Dataset -

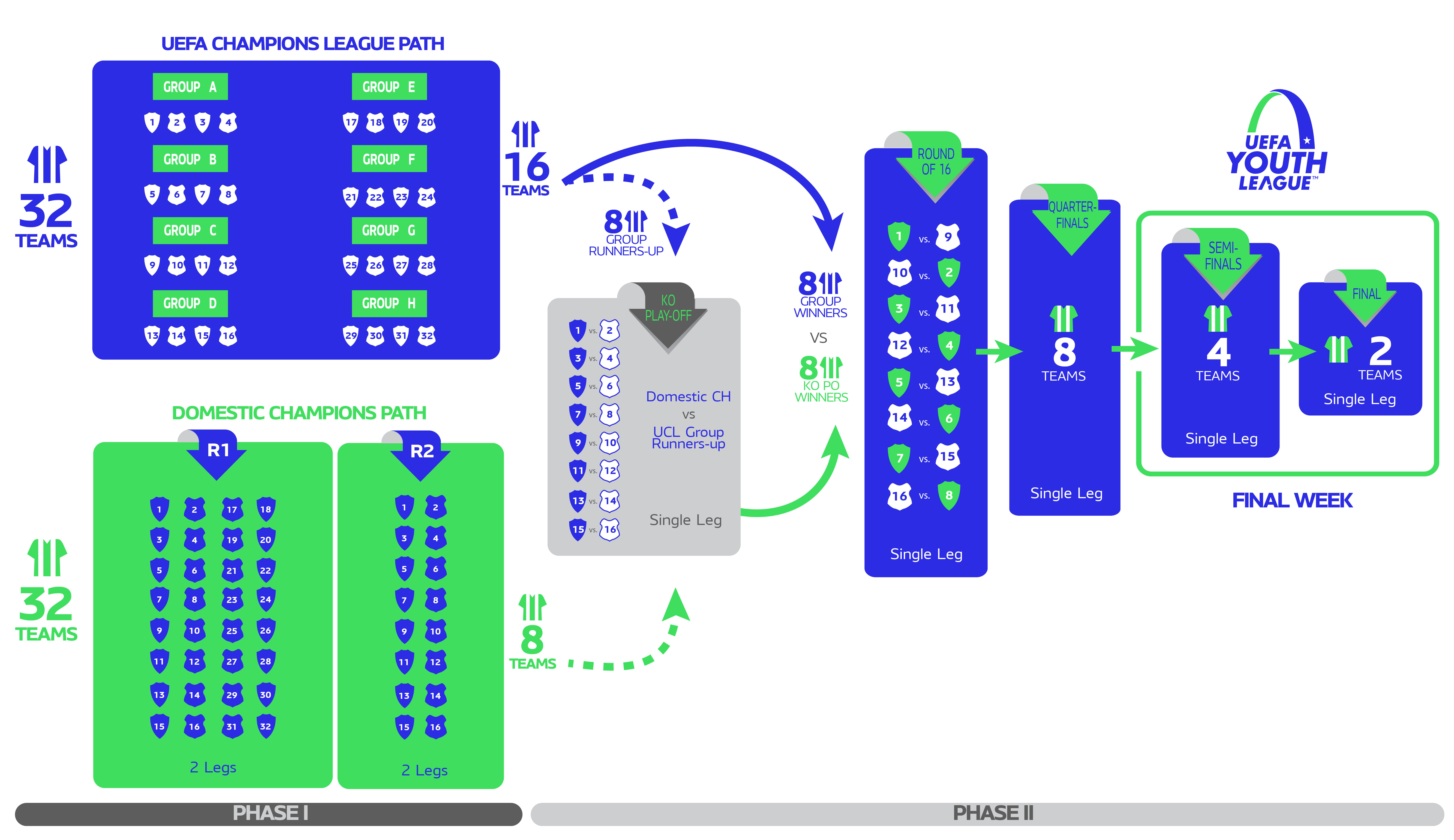 Podsjetimo, u ''Domestic Champions'' dijelu natjecanja sudjeluju juniorski prvaci 32 najbolje rangirana nacionalna saveza. Nakon prva dva kola, osam preostalih sudionika iz te skupine igrat će protiv osam drugoplasiranih momčadi iz dijela natjecanja gdje igraju juniorske momčadi klubova koji igraju u grupnoj fazi Lige prvaka (UEFA Champions League path). Pobjednici će se plasirati u osminu finala gdje će ih čekati pobjednici grupne faze ''UEFA Champions League path''.
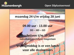 Van maandag 24 tot en met vrijdag 28 juni wordt het Haanenbergh Open 50plus toernooi gehouden op het tennispark van Haanenbergh - sportpark Noord in Wijchen.
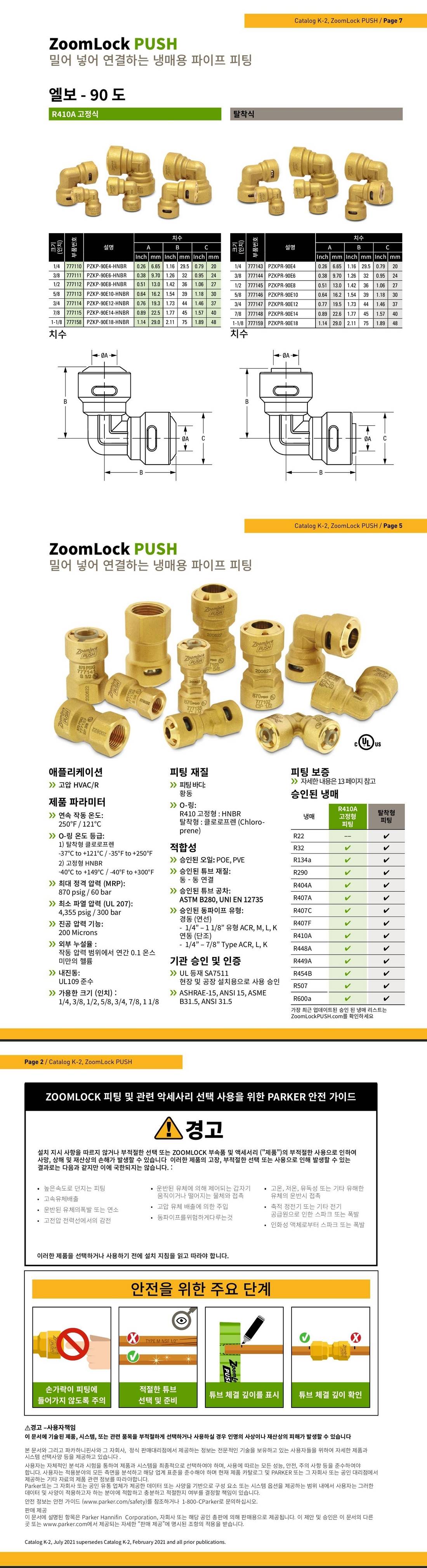 줌락 피팅 사이즈는 ACR용 (HVAC/R 고압용) 동관 사이즈 기준으로 참고 선정 바랍니다.
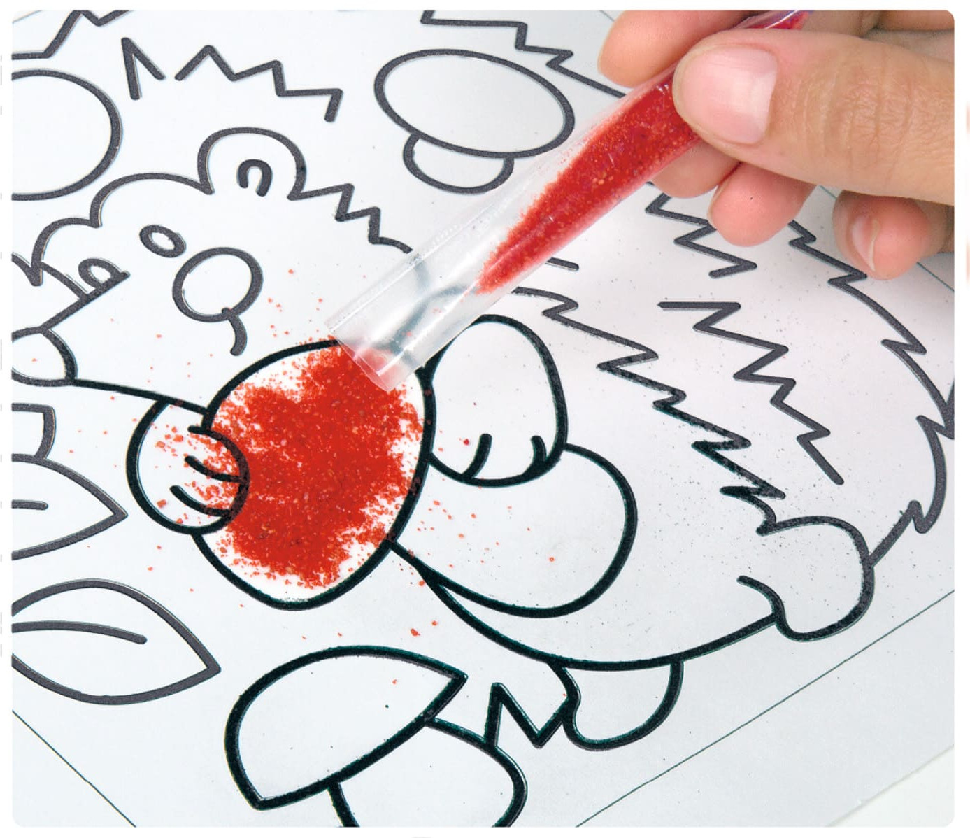 • засыпьте открытые участки песком выбранного цвета (от тёмного к светлому), старайтесь, чтобы песчинки ложились равномерно и плотно. Песочная фреска станет прекрасным украшением детской комнаты или же отличным подарком друзьям!
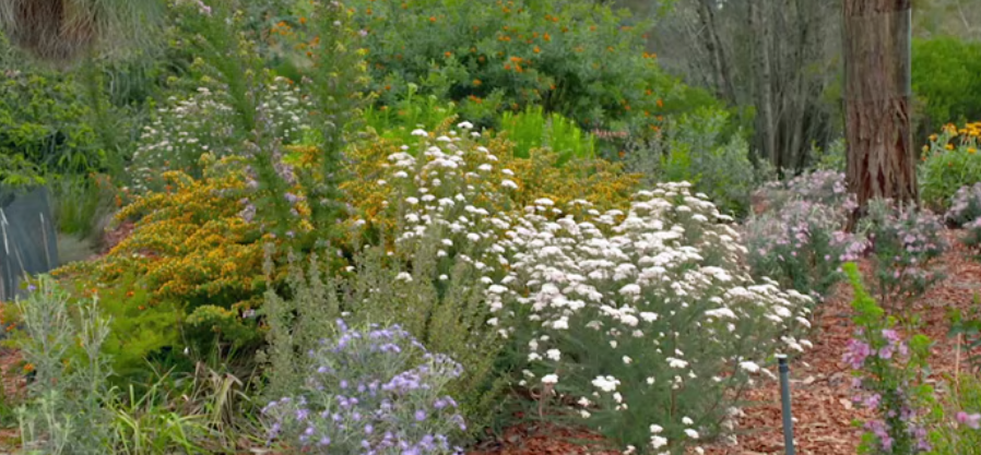 Common yarrow is a remarkably tough, drought-tolerant perennial that can colonize the dry, nutrient-poor soil beneath eucalyptus. Its finely divided, feathery, aromatic grey-green foliage forms spreading mats, topped in summer with flat-topped clusters of white, yellow, pink, or red flowers. It spreads by rhizomes, filling in gaps under the tree canopy, and is notably unbothered by the allelopathic compounds in eucalyptus leaf litter.
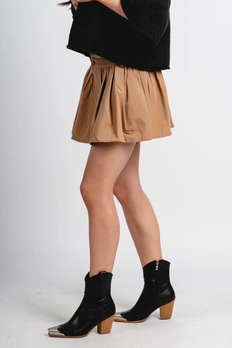 This pleated mini skort in tan is thoughtfully designed with pleated accents and side pockets for both style and convenience. Featuring belt loops and a front-rise zipper with button closure, it offers a comfortable and secure fit, making it a reliable choice for your everyday wardrobe.
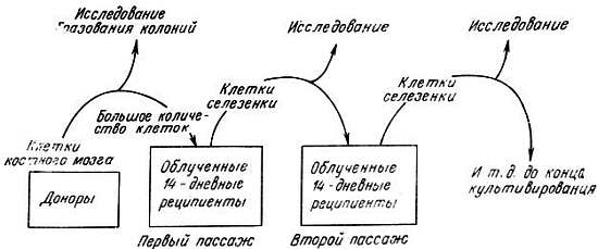 Рис. 8.4. Исследование колониеобразующей активности клеток костного мозга методом серийных трансплантаций облученным реципиентам [44]
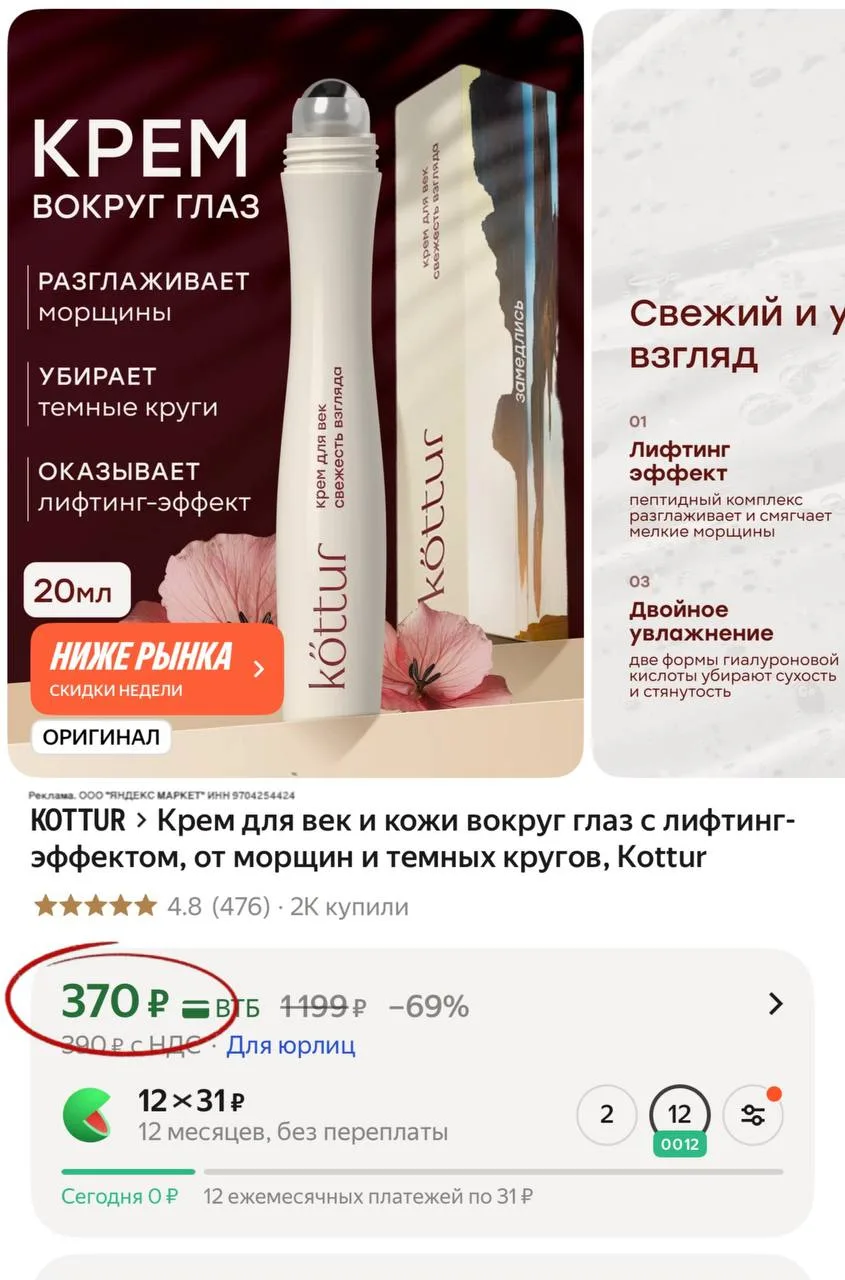 π» ΠΡΠ΅ΠΌ Π΄Π»Ρ Π²Π΅ΠΊ ΠΈ ΠΊΠΎΠΆΠΈ Π²ΠΎΠΊΡΡΠ³ Π³Π»Π°Π· Ρ Π»ΠΈΡΡΠΈΠ½Π³-ΡΡΡΠ΅ΠΊΡΠΎΠΌ, ΠΎΡ ΠΌΠΎΡΡΠΈΠ½ ΠΈ ΡΠ΅ΠΌΠ½ΡΡ ΠΊΡΡΠ³ΠΎΠ², Kottur
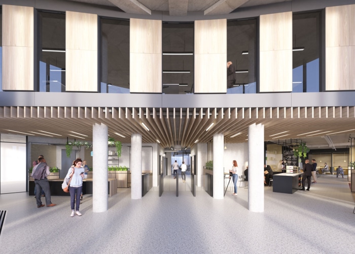 Internally, the proposals include completely reconfiguring the existing entrance and reception area to include a new tenant hub with coffee bar offer. Below ground, a level of the basement car park will be converted into a new office floor, reconfiguring the atrium and dropping the floor down a level. At roof level the top floor office has been extended and two new roof terraces created. The atrium was reconfigured to respond better to daylight analysis and new core provides additional lifts and gender neutral toilets.
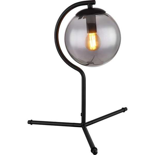 Lampe à poser métal noir mat, verre fumé, câble textile noir, interrupteur à bascule sur le câble, : 350mm, H: 350mm, longueur de câble 1500mm, exclu 1x E14 25W 230V.
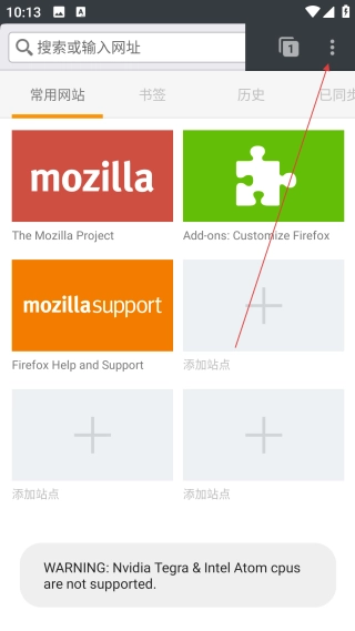 1、打开flashfox浏览器软件,在首页点击右上角的三点图标,即可打开功能操作菜单。
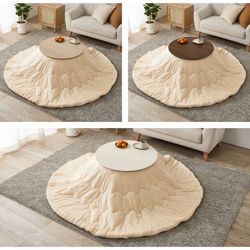 脚は折りたたんで隙間に収納も可能なコンパクト円形こたつ。とろけるような肌触りのシンプルな掛け布団セット
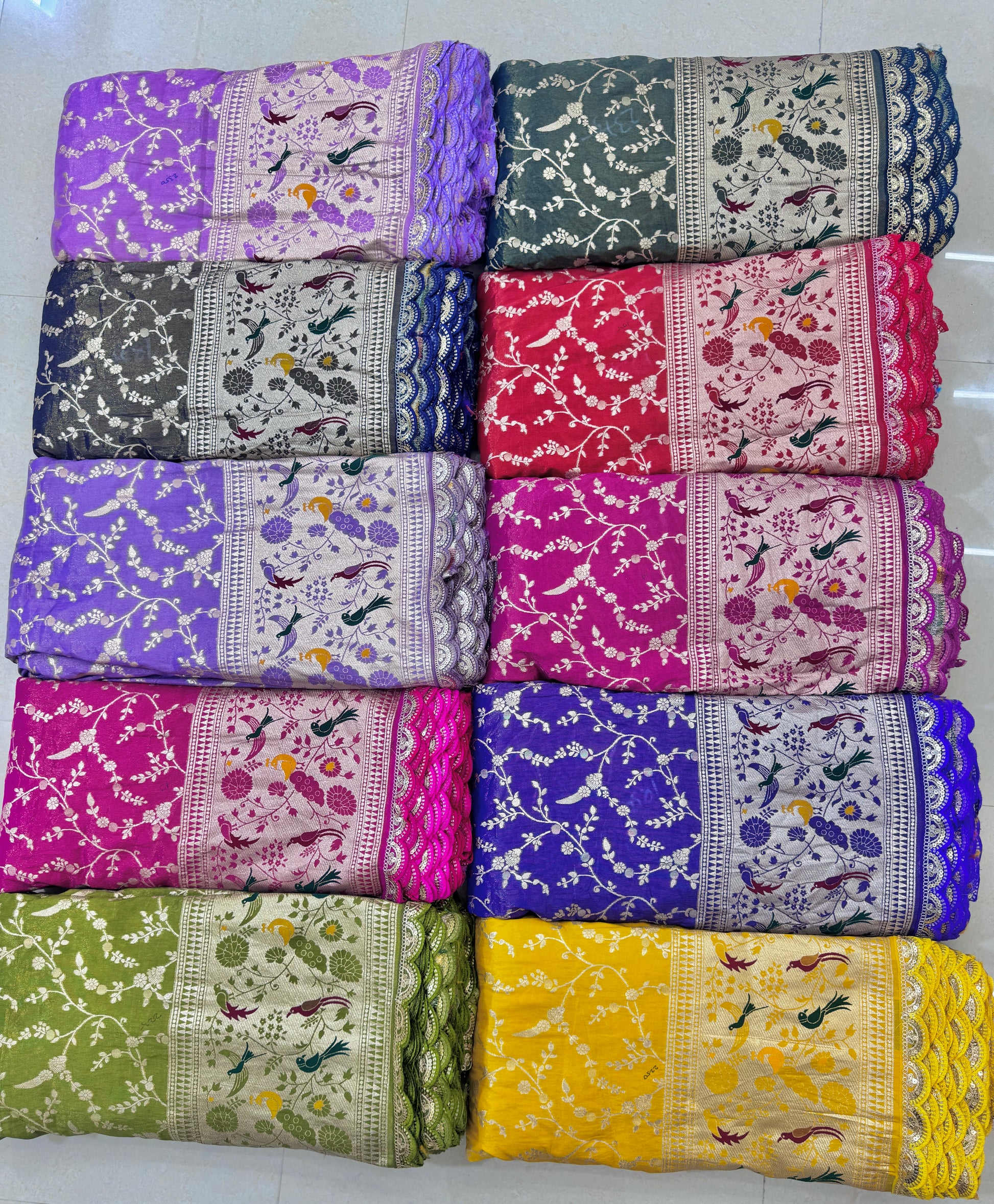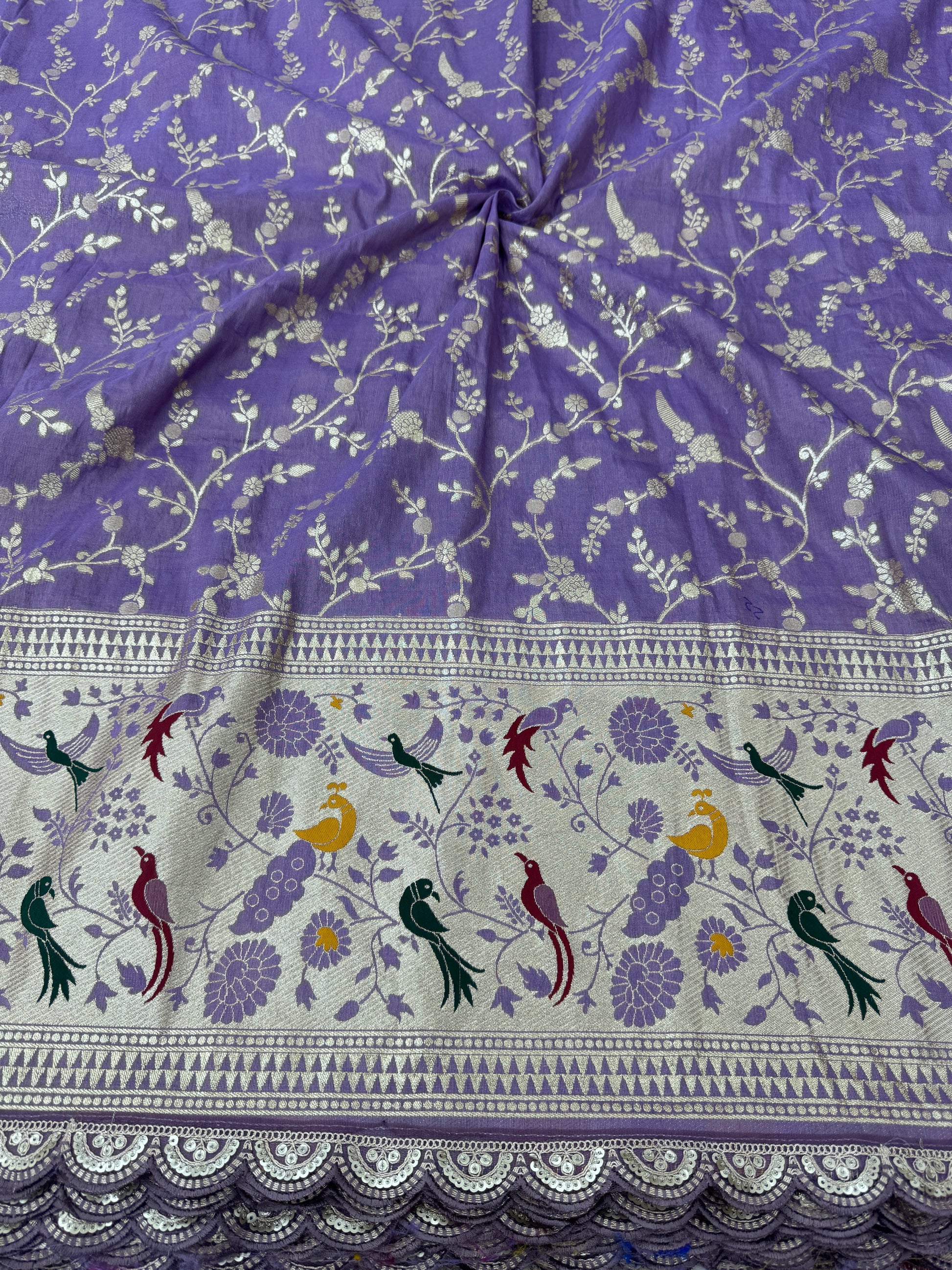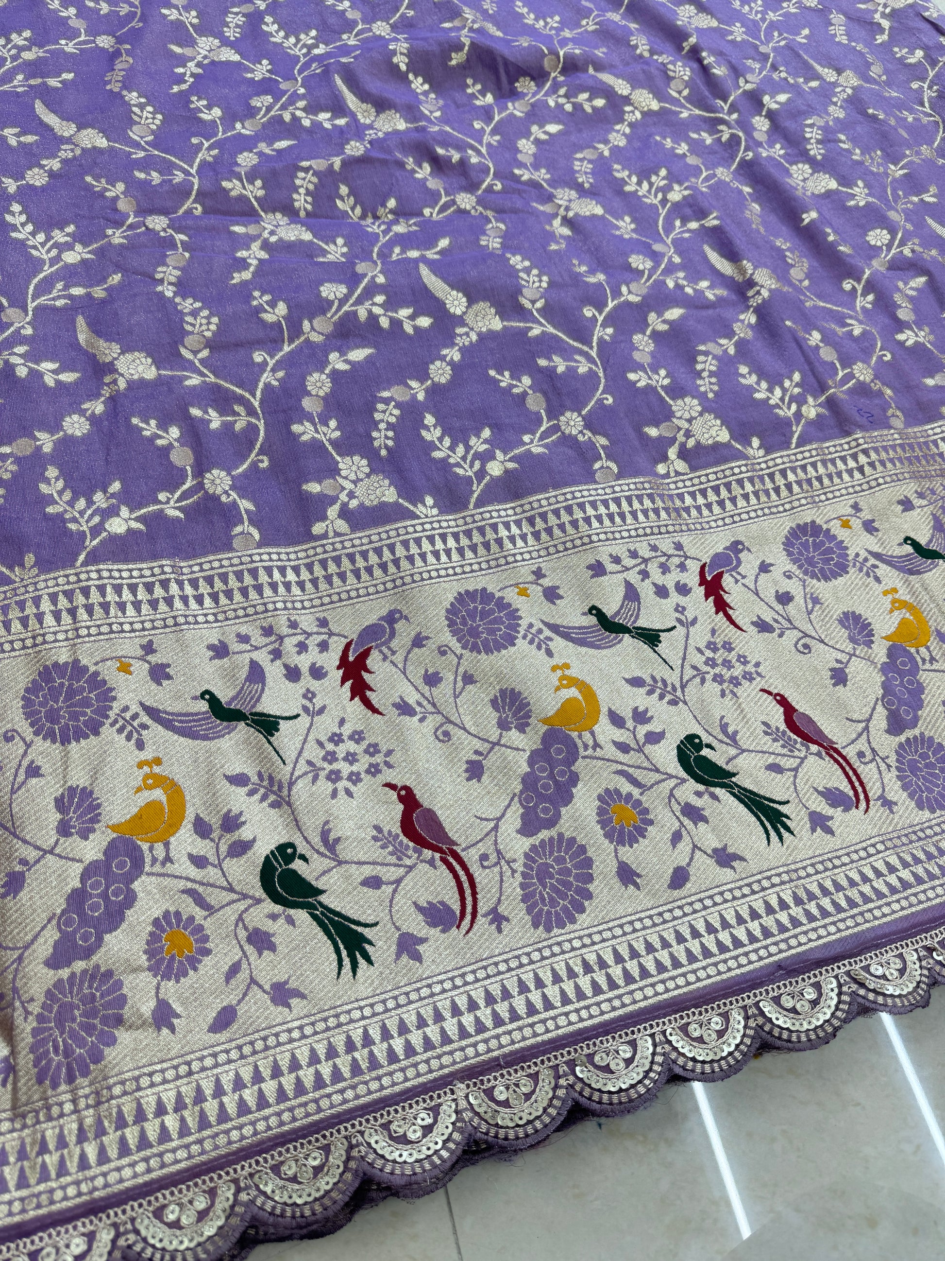 Tissu banarasi fabrics paitanick border with lace birds Desing 45-46 inch width

Exercise aim -
Using the records above, output their complete text exactly, minus any images.

Expected answer -
 Podsjetimo, u ''Domestic Champions'' dijelu natjecanja sudjeluju juniorski prvaci 32 najbolje rangirana nacionalna saveza. Nakon prva dva kola, osam preostalih sudionika iz te skupine igrat će protiv osam drugoplasiranih momčadi iz dijela natjecanja gdje igraju juniorske momčadi klubova koji igraju u grupnoj fazi Lige prvaka (UEFA Champions League path). Pobjednici će se plasirati u osminu finala gdje će ih čekati pobjednici grupne faze ''UEFA Champions League path''.
 Van maandag 24 tot en met vrijdag 28 juni wordt het Haanenbergh Open 50plus toernooi gehouden op het tennispark van Haanenbergh - sportpark Noord in Wijchen.
 줌락 피팅 사이즈는 ACR용 (HVAC/R 고압용) 동관 사이즈 기준으로 참고 선정 바랍니다.
 • засыпьте открытые участки песком выбранного цвета (от тёмного к светлому), старайтесь, чтобы песчинки ложились равномерно и плотно. Песочная фреска станет прекрасным украшением детской комнаты или же отличным подарком друзьям!
 Common yarrow is a remarkably tough, drought-tolerant perennial that can colonize the dry, nutrient-poor soil beneath eucalyptus. Its finely divided, feathery, aromatic grey-green foliage forms spreading mats, topped in summer with flat-topped clusters of white, yellow, pink, or red flowers. It spreads by rhizomes, filling in gaps under the tree canopy, and is notably unbothered by the allelopathic compounds in eucalyptus leaf litter.
 This pleated mini skort in tan is thoughtfully designed with pleated accents and side pockets for both style and convenience. Featuring belt loops and a front-rise zipper with button closure, it offers a comfortable and secure fit, making it a reliable choice for your everyday wardrobe.
 Рис. 8.4. Исследование колониеобразующей активности клеток костного мозга методом серийных трансплантаций облученным реципиентам [44]
 π» ΠΡΠ΅ΠΌ Π΄Π»Ρ Π²Π΅ΠΊ ΠΈ ΠΊΠΎΠΆΠΈ Π²ΠΎΠΊΡΡΠ³ Π³Π»Π°Π· Ρ Π»ΠΈΡΡΠΈΠ½Π³-ΡΡΡΠ΅ΠΊΡΠΎΠΌ, ΠΎΡ ΠΌΠΎΡΡΠΈΠ½ ΠΈ ΡΠ΅ΠΌΠ½ΡΡ ΠΊΡΡΠ³ΠΎΠ², Kottur
 Internally, the proposals include completely reconfiguring the existing entrance and reception area to include a new tenant hub with coffee bar offer. Below ground, a level of the basement car park will be converted into a new office floor, reconfiguring the atrium and dropping the floor down a level. At roof level the top floor office has been extended and two new roof terraces created. The atrium was reconfigured to respond better to daylight analysis and new core provides additional lifts and gender neutral toilets.
 Lampe à poser métal noir mat, verre fumé, câble textile noir, interrupteur à bascule sur le câble, : 350mm, H: 350mm, longueur de câble 1500mm, exclu 1x E14 25W 230V.
 1、打开flashfox浏览器软件,在首页点击右上角的三点图标,即可打开功能操作菜单。
 脚は折りたたんで隙間に収納も可能なコンパクト円形こたつ。とろけるような肌触りのシンプルな掛け布団セット
 Tissu banarasi fabrics paitanick border with lace birds Desing 45-46 inch width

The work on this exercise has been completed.